Я сперва, как она это сказала, не захотел – это ж бриться опять! А она уже костюм мой старый достала, где выискала только - его лет пять никто не видел. Ну да, пять лет. Как у тебя, Лёха, на свадьбе отгуляли, так она его и запрятала куда-то, мол, пригодится ещё. А куда пригодится, коль и тут только ты да я в костюмах были. Ну ты, понятно, зачем, а мне-то оно надо было? Ладно, дело прошлое, нашла и нашла. Я, конечно, говорю, мож, ну её, эту филармонию. Сто лет там не были и нормально жили, что вдруг сейчас-то? Но она заладила – надо, мол, и надо. Уже, мол, и билеты купила, на балкон, мол, это самый шик.

Меня так и принакрыло! Что это такое, думаю, ужели театры многоэтажные стали строить? Вот на такое чудо глянуть надо. Я, конечно, в городе-то бывал, но чтобы в театр, там, или филармонию сходить – такого не бывало. Махнул рукой, говорю своей – гладь костюм, пойду я, пёс с тобой. В общем, собрались мы по-быстрому и поехали.

А что город? Город и город, стоял сколько лет и стоять будет. Я, Вась, не о городе говорю. Ты города, что ль, не видел? Видел. И Лёха видел. Что в нём такого? Дома выше, да машин больше? Так и вони от них – не продохнуть! То ли дело у нас – всего два раза в день автобус, да дачники если летом на машинах приедут. Зато и воздух чище, и люди добрее. А в городе, что за люди? Бегут, спешат, толкаются... Да и не о городе я, ты, Вась, меня не сбивай.

Так вот. Пришли мы в эту самую филармонию. Я думал, тут посвободнее будет, все-таки, культура, не каждый сунется. Ан, нет – народу больше, чем на улице! И все такие важные, мужики в костюмах, бабы в платьях, все такие расфуфыренные, накрашенные, духами пахнут. Ну, моя сразу цап меня под руку и потащила куда-то. Оказывается, нам на самый верх надо, аж на четвертый этаж! Эка, думаю, верхотура, что ж мы там увидим-то оттуда? А она и объясняет, мол, первый этаж – это только раздевалка, гардероб называется. А партер как раз занимает два этажа. Оркестр, он перед партером. А на четвертом уже – наш балкон.
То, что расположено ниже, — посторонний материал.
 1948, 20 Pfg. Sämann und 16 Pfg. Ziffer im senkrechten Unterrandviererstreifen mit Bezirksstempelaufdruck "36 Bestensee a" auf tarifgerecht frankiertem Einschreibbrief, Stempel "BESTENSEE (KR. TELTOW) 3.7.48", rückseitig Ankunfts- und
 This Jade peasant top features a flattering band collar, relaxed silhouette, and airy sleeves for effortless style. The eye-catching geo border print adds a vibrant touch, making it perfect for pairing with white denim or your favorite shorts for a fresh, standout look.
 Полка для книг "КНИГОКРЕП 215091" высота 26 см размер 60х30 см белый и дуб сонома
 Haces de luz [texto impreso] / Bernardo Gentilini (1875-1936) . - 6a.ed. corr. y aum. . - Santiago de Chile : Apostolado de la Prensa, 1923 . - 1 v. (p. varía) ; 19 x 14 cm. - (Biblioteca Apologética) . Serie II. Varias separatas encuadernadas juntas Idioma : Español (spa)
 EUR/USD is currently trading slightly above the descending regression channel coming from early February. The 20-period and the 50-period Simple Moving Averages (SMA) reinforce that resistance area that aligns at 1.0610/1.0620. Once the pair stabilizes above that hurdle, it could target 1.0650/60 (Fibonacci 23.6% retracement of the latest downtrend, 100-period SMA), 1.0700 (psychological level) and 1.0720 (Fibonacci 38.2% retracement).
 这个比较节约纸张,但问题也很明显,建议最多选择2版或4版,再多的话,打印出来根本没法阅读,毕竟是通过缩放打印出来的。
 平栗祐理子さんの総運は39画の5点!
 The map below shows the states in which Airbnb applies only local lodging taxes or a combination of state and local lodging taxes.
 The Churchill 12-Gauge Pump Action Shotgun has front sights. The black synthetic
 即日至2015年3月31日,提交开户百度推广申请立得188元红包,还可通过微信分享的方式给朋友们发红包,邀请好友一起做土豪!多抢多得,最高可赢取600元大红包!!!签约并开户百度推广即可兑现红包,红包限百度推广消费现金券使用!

Что, Вась? Партер? Это, Вась, где люди сидят, театр смотрят, но не балкон. Балкон – он выше, а то, что ниже – это партер называется. Вась, ну откуда мне знать, почему его так называют? Назвали так, вот и называют. А два этажа почему, сейчас расскажу. У нас в клубе, как? Ровный такой пол и стулья в несколько рядов стоят. А там не так, там пол горочкой – у сцены пониже, а у задней стены высоко. Потому и входа два – на втором этаже и на третьем. Понятно? Ну вот. А у нас, значит, места на балконе. Это ещё выше.

Забрались мы на свой четвертый, я сразу ринулся места получше занимать, чтоб не у стенки или у окошка, а моя меня держит – не время, мол. Надо дождаться звонка. Меня так и принакрыло! Какого звонка, чай не в школе же! Мужики, вы не поверите! В театре такие правила – для того, чтобы вся эта расфуфыренная братия поняла, когда начало, звонят в звонок. Сначала один раз, это первый звонок называется. После него можно заходить в зал. Потом два звонка - второй называется. А потом уже три – для самых распоследних тюфяков. Моя сказала, что входить после третьего звонка в зал – это моветон. Нет, что такое моветон, она и сама не знает, но, наверное, что-то типа нашего дурака, только по-культурному.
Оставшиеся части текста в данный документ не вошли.